Es el viejo error de los legisladores, pese a que la experiencia ha mostrado invariablemente que nunca la ley, por bárbara que sea, logró suprimir un vicio o desalentar el delito. Cuanto más severas sean las penas infligidas a los consumidores y traficantes de cocaína tanto más aumentará en aquéllos la atracción del fruto prohibido y la fascinación del peligro enfrentado, y en éstos la avidez de la ganancia, que ya es enorme y crecerá aún más al crecer la ley. Es inútil, por lo tanto, confiar en la ley. Nosotros proponemos otro remedio. Declarar libre el uso y tráfico de la cocaína y abrir locales en los que se la venda a precio de costo, o incluso por debajo del precio. Y después hacer una gran propaganda para explicar al público y lograr que perciba vivamente los daños de la cocaína; nadie haría propaganda en contrario porque nadie podría ganar con el mal de los cocainómanos. Por cierto que con esto no desaparecería por completo el uso dañino de la cocaína, porque persistirían las causas sociales que crean a los desgraciados y los impulsan al uso de los estupefacientes. Pero de todos modos el mal disminuiría, porque nadie podría ganar con la venta de la droga y nadie podría especular con la caza de especuladores. Y por esto nuestra propuesta no se tomará en consideración o se la considerará coma quimérica e insensata.
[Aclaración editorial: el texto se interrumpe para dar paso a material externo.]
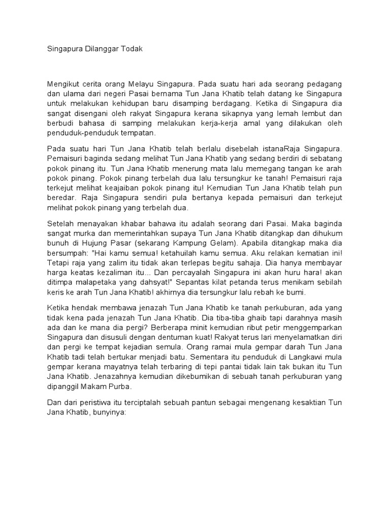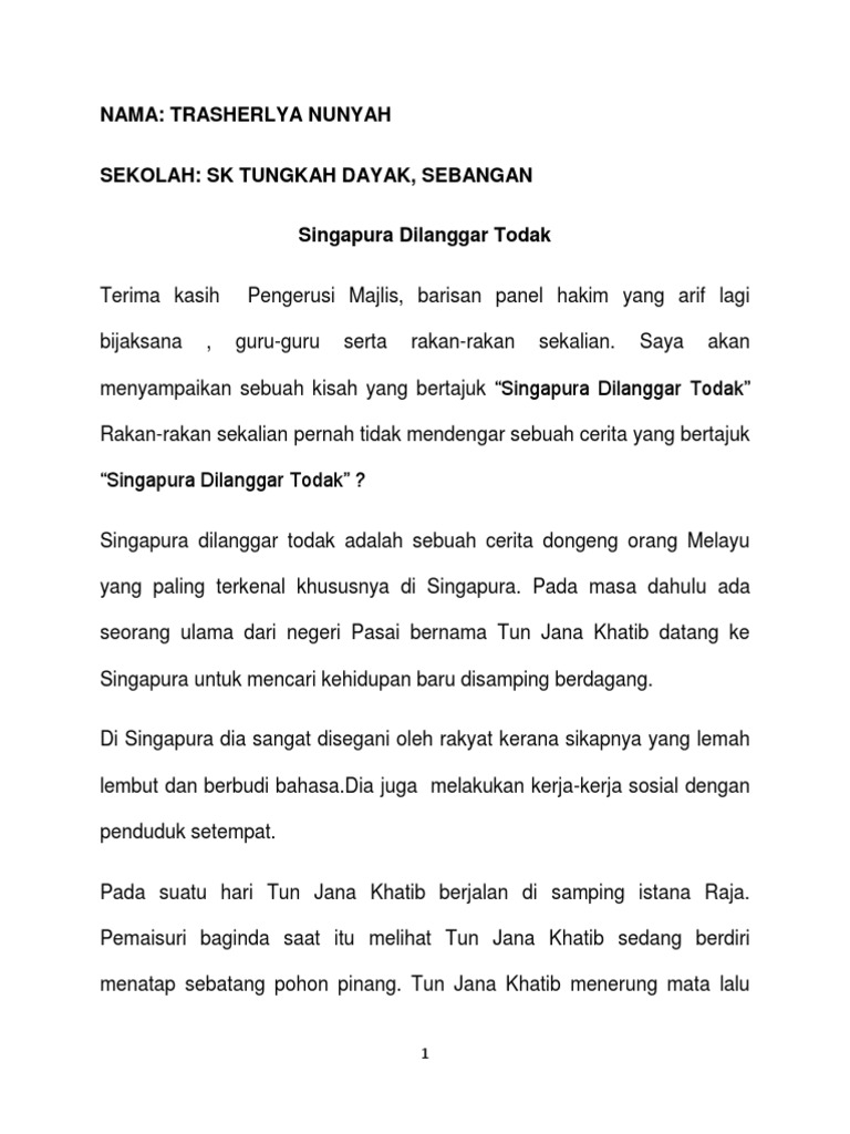 Singapura Dilanggar Todak from imgv2-2-f.scribdassets.com Swordfish atau ikan todak xiphias galduys linnaeus berat maksimum ikan ini mencapai 682 singapura akhirnya bebas dari serangan ikan todak. Muncung ikan todak berukuran 15cm menikam leher idul. Singapura dilanggar todak adalah sebuah cerita lagenda orang melayu yang paling terkenal khususnya di singapura. Merungkai kebenaran lagenda singapura dilanggar todak | singapura. Penduduk berlarian menghindari serangan ikan itu. Tersebut cerita dahulu kala, kisah terjadi di singapura, todak menyerang tidak terkira, membunuh rakyat tidak berdosa. Penduduk pun dengan mudah membunuhnya dan kemudian mengambilnya untuk dimakan dagingnya. Singapura adalah negara yang di dalamnya terdapat banyak suku/etnis.

Sin embargo, la gente inteligente y desinteresada podría decirse: puesto que las leyes penales se han mostrado impotentes, ¿no sería bueno, por lo menos a título de experimento, probar el método anarquista?

No repetiremos los argumentos clásicos contra la pena de muerte. Nos parecen mentiras, cuando los oímos sostener por quienes son partidarios de la cadena perpetua y de otros sustitutos inhumanos de la pena de muerte. Tampoco hablaremos de la “santidad de la vida humana” que todos afirman, y todos violan si llega el caso, sea infligiendo directamente la muerte, sea tratando a los demás de modo de atormentar y abreviar su vida.

Subsisten hombres –pocos por fortuna, pero existen– que nacieron o se volvieron monstruos morales, sanguinarios y sádicos, cuya muerte no podríamos lamentar. Cuando estos desgraciados constituyeran un peligro continuo para todos y no hubiese otro modo de defenderse que matarlos, se podría incluso admitir la pena de muerte. Pero lo malo es que para aplicar la pena de muerte hace falta el verdugo. Ahora bien, el verdugo es o se vuelve un monstruo; y, monstruo por monstruo, es mejor dejar vivir a aquellos que ya existen, antes que crear otros. Y esto se entiende para los verdaderos delincuentes, seres antisociales que no despiertan ninguna simpatía y no provocan ninguna conmiseración, pues si se trata de la pena de muerte como medio de lucha política, entonces... entonces la historia nos dice cuáles pueden ser las consecuencias.